Dec 14 20:20:41 patemp1 syslog: syslogd startup succeeded
Dec 14 20:20:41 patemp1 kernel: klogd 1.4.1, log source = /proc/kmsg started.
Dec 14 20:20:41 patemp1 kernel: ok
Dec 14 20:20:41 patemp1 kernel: Bootdata ok (command line is ro root=LABEL=/ console=tty0 console=ttyS0,9600)
Dec 14 20:20:41 patemp1 kernel: Linux version 2.4.21-37.ELsmp (bhcompile.redhat.com) (gcc version 3.2.3 20030502 (Red Hat Linux 3.2.3-53)) #1 SMP Wed Sep 7 13:32:18 EDT 2005
Dec 14 20:20:41 patemp1 kernel: BIOS-provided physical RAM map:
Dec 14 20:20:41 patemp1 kernel:  BIOS-e820: 0000000000000000 - 000000000009a000 (usable)
Dec 14 20:20:41 patemp1 kernel:  BIOS-e820: 000000000009a000 - 00000000000a0000 (reserved)
Dec 14 20:20:41 patemp1 kernel:  BIOS-e820: 00000000000d0000 - 0000000000100000 (reserved)
Dec 14 20:20:41 patemp1 kernel:  BIOS-e820: 0000000000100000 - 000000007ff70000 (usable)
Dec 14 20:20:41 patemp1 kernel:  BIOS-e820: 000000007ff70000 - 000000007ff77000 (ACPI data)

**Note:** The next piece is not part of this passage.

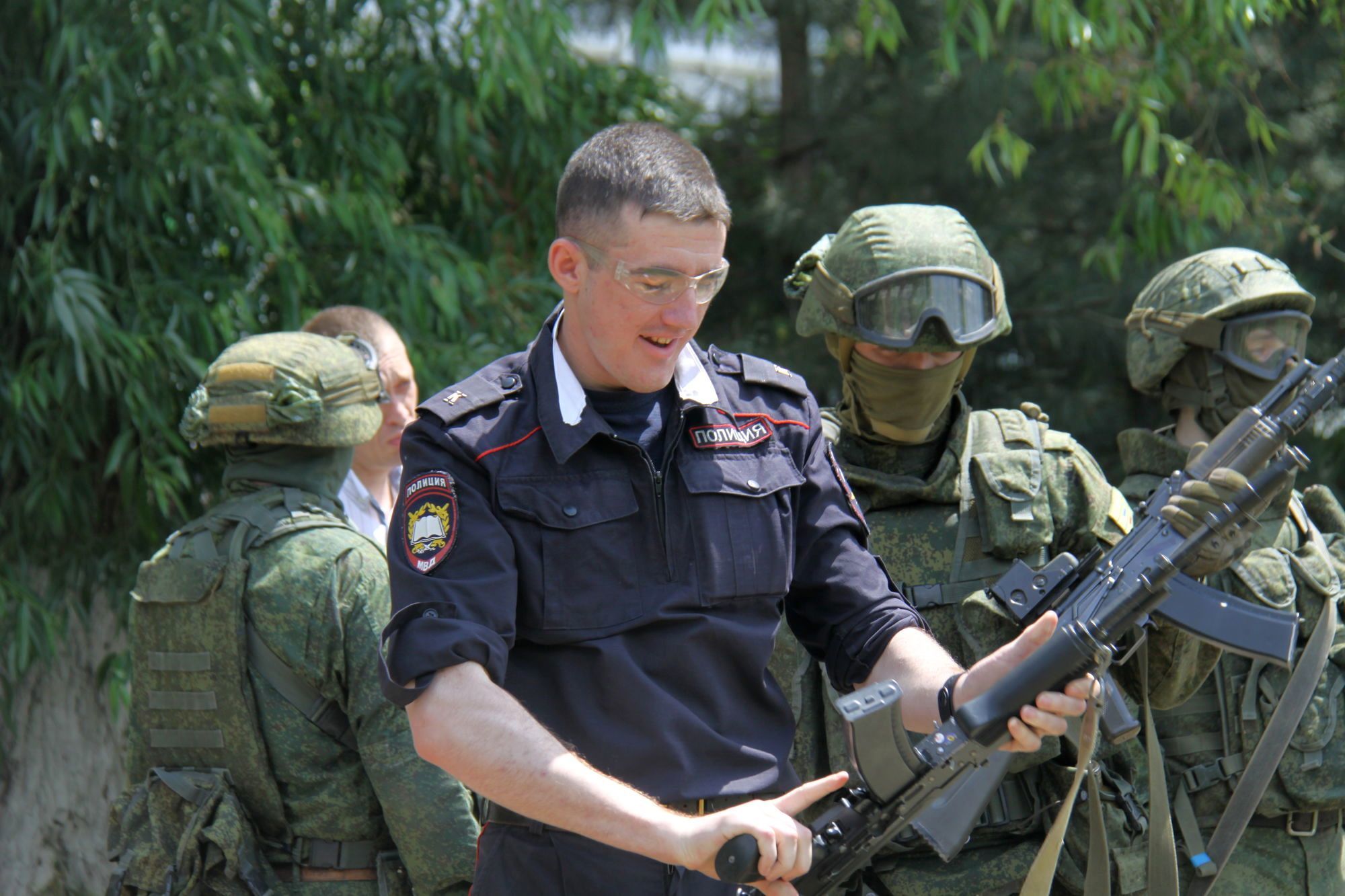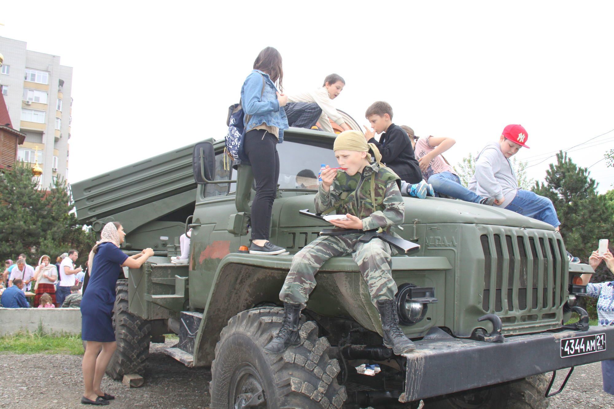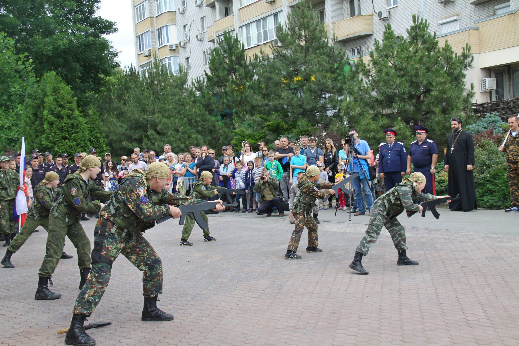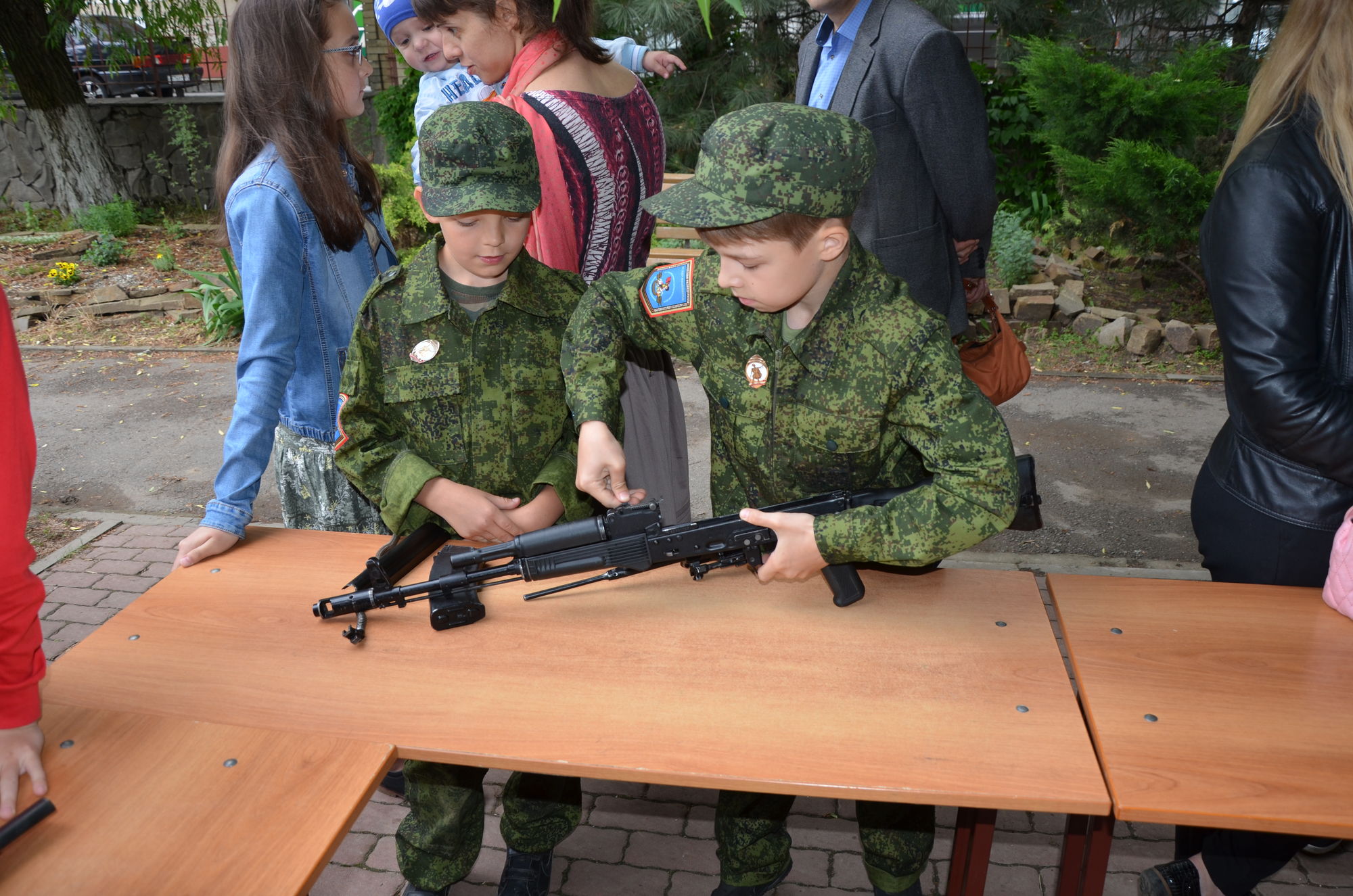 Военнослужащими была организована выставка военной техники и работа военно-полевой кухни. Разведчики продемонстрировали всем собравшимся свое воинское мастерство.

Would like more help or information on how to debug the system when the kernel crashes to determine what needs to be updated or changed. At this point we're running update 6 of WS 3 with the latest patches. If we can just get over this problem of unscheduled reboots/outages we would be running fine.

Version-Release number of selected component (if applicable):
nfs-utils-1.0.6-42EL

How reproducible:
Always

Steps to Reproduce:
1. Have 90 systems unmount and remount to 1 nfs linux server
2. mounts are using tcp/ip
3. The linux server eventually crashes under load. No error messages are displayed. Not sure on how to precede if I have nothing to debug, only see that the system rebooted.

Actual Results:  System restarts completely without any debugging information.

Expected Results:  System should just keep responding normally.

Additional info:

Comment 1 Jeff Layton 2007-07-17 10:43:24 UTC
Mike,
   Is this still an issue on RHEL3U9?


Comment 2 RHEL Program Management 2007-10-19 18:49:55 UTC
This bug is filed against RHEL 3, which is in maintenance phase.
During the maintenance phase, only security errata and select mission
critical bug fixes will be released for enterprise products. Since
this bug does not meet that criteria, it is now being closed.
 
For more information of the RHEL errata support policy, please visit:
http://www.redhat.com/security/updates/errata/
 
If you feel this bug is indeed mission critical, please contact your
support representative. You may be asked to provide detailed
information on how this bug is affecting you.